Arrest made in 40-year-old cold case in El Dorado County
In 2015, El Dorado County investigators again revived the case
EL DORADO COUNTY, California (KOLO) - An arrest has been made in a 44-year-old cold case from El Dorado County.
63-year-old Harold Carpenter was arrested after investigators found a DNA match for an unrelated crime in Washington state.
Carpenter is being held in the Spokane County Jail without bond on a fugitive charge, pending extradition to California on a murder warrant.
Police say that on Sept. 28, 1979, Patricia Carnahan was beaten, strangled, and left for dead at a South Lake Tahoe campground. El Dorado County investigators worked with the Spokane Police Department on this case.
The arrest comes partially due to an initiative in Washington state to examine evidence from a backlog of thousands of unexamined sexual assault kits.
During their initial investigation, police obtained a DNA sample through a sexual assault kit. No suspects were arrested and, with her identity unknown, she was buried in a grave marked “unidentified female.”
In 2015, El Dorado County investigators again revived the case. With the help of a forensic anthropologist at CSU Chico, they exhumed her body.
Family members were able to identify Carnahan after investigators placed photos of her pendant in a local paper. Her family was then able to give her a proper burial.
Decades later, authorities in Washington state tested a sexual assault kit from 1994 that was deemed unproveable, and remained untested until 2023.
Their tests revealed that the DNA collected from the Washington victim also matched DNA collected from Carnahan, leading to the identification of Carpenter.
This is one of the oldest cold case murders in the country to be solved through a sexual assault DNA review run through CODIS, the FBI’s combined DNA Index System.

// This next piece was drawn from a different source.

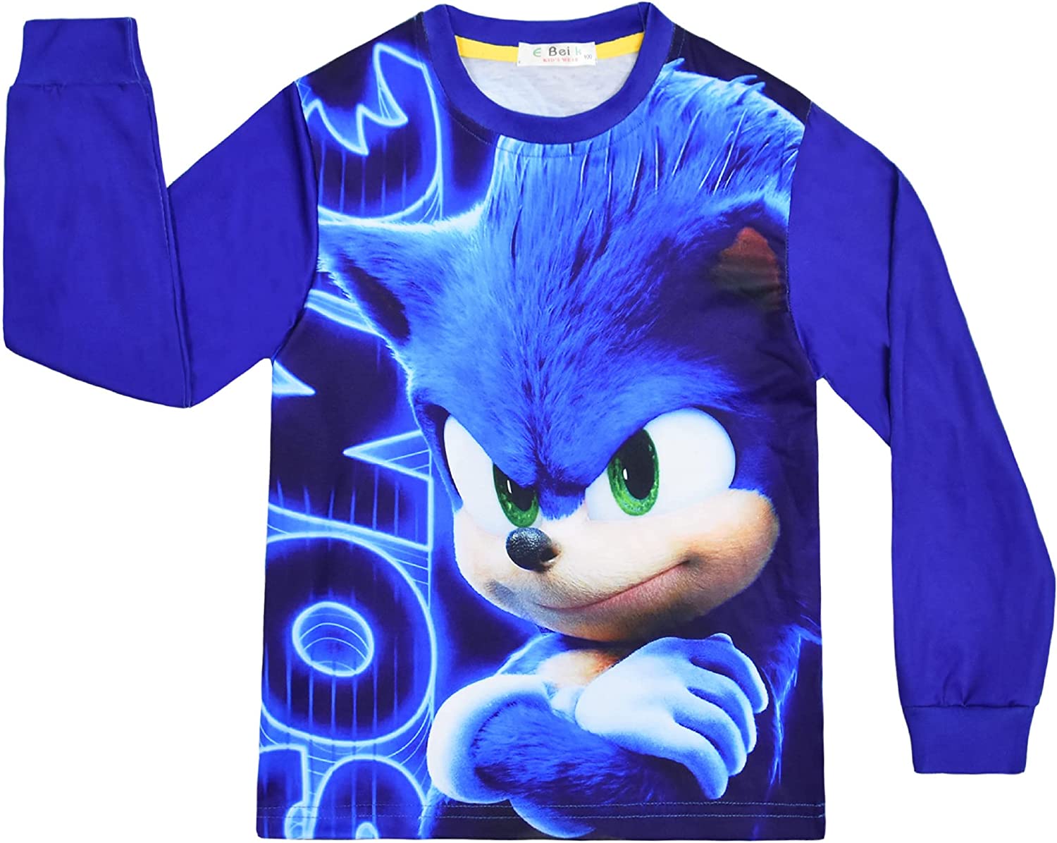 Boys Pajamas Sonic 2 Pieces Pjs Set Kids Nightgown Cartoon Game Sleepwear Child Loungewear Blue Comfortable Pyjamas Set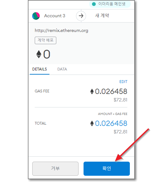 실제 소요되는 비용이 표시가 되는데요. 오늘은 네트워크 상황이 좋은 것 같습니다. 토털 0.026458 이더가 들어가네요. 얼마 전에 만들었을 때는 0.06 이더가 들어간 적도 있으니 충분하게 0.1 이더를 넣어놓으시면 모자람 없이 코인을 만드실 수 있습니다. "확인"을 눌러서 진행을 합니다.

“This is the 13th case solved after the creation of the cold case task force,” said El Dorado County District Attorney Vern Pierson. “I’m proud to say our Cold Case Unit is one of the most successful of its kind in the United States. Sadly, Ms. Carnahan was buried in a potter’s field under a headstone of an ‘unidentified female.’ Because of the tireless dedication of our investigators, she was identified and returned to her family. Now due to multi-state collaboration by numerous agencies her killer will finally be held accountable.”
The rape case from Spokane will not go forward because the statute of limitations has passed, and the victim has since died.
“Cases like this illustrate the need to test every sexual assault kit and get their DNA profiles loaded into the federal database,” Washington Attorney General Bob Ferguson said. “Every untested kit could be a potential break in a cold case. Hard work and cross-state collaboration made this case successful. I’m grateful for the hard work from law enforcement to pursue justice in this case.”